Directions:
Starting with the line below that holds "[ویکی فقه] سریه" and stopping after the line that holds "Grey Polar Bear", transcribe the lines exactly, leaving out all pictures.

Records for processing:
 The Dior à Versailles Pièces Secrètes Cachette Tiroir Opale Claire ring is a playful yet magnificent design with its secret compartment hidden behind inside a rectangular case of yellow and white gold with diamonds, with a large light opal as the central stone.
...
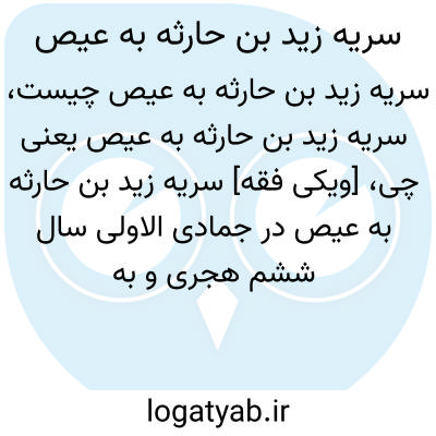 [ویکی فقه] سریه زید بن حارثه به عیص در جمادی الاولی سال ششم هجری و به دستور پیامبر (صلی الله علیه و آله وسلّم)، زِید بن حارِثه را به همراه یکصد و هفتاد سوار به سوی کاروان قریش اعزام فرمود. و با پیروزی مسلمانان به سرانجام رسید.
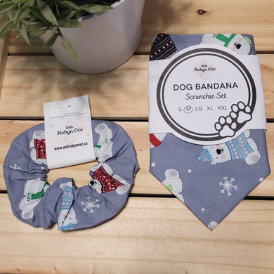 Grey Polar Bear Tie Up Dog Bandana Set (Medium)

Answer space:
 [ویکی فقه] سریه زید بن حارثه به عیص در جمادی الاولی سال ششم هجری و به دستور پیامبر (صلی الله علیه و آله وسلّم)، زِید بن حارِثه را به همراه یکصد و هفتاد سوار به سوی کاروان قریش اعزام فرمود. و با پیروزی مسلمانان به سرانجام رسید.
 Grey Polar Bear Tie Up Dog Bandana Set (Medium)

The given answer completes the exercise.